Process parameter-driven regulation of non-uniform plasma discharge behavior for optimizing heat transfer in MPCVD

Microwave plasma chemical vapor deposition (MPCVD) is widely employed for diamond growth. The surface temperature of the diamond seed is a key focus in practical engineering. A significant temperature gradient between the center and the edge, caused by non-uniform plasma discharge, has been considered as a critical factor contributing to defect formation. Regulating the operating parameters of the MPCVD reactor can effectively improve the radial uniformity of the growth surface temperature, which requires detailed modeling of fluid heat conduction and plasma radiative heat transfer.

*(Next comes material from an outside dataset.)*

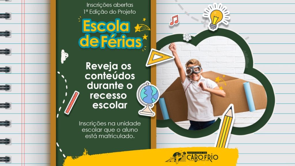 Estão abertas as inscrições para a primeira edição do Projeto Escola de Férias, promovido pela Prefeitura de Cabo Frio, por meio da Secretaria de Educação.

In this work, we propose a novel multiphysics-reacting flow model, which accounts for the process of plasma from transient excitation to stationary heat transfer and solves the heat conduction and radiation equations fully coupled with the Helmholtz equation, laminar flow equations, electron drift-diffusion equations, and heavy species transport equations. The simulation results and the experimental results show excellent agreement under both pure hydrogen and hydrogen-methane plasma discharges, with the surface temperature error is within 40°C. The spatial distributions of electrons, hydrogen atoms and methyl radicals are successfully predicted, which also helps validate the effectiveness of the model. Furthermore, this work provides valuable guidance on process parameters, especially power and pressure, for optimizing the uniformity of surface temperature to meet the stringent requirements for high-quality diamond growth. The model, with its general applicability, can be applied to any MPCVD reactor.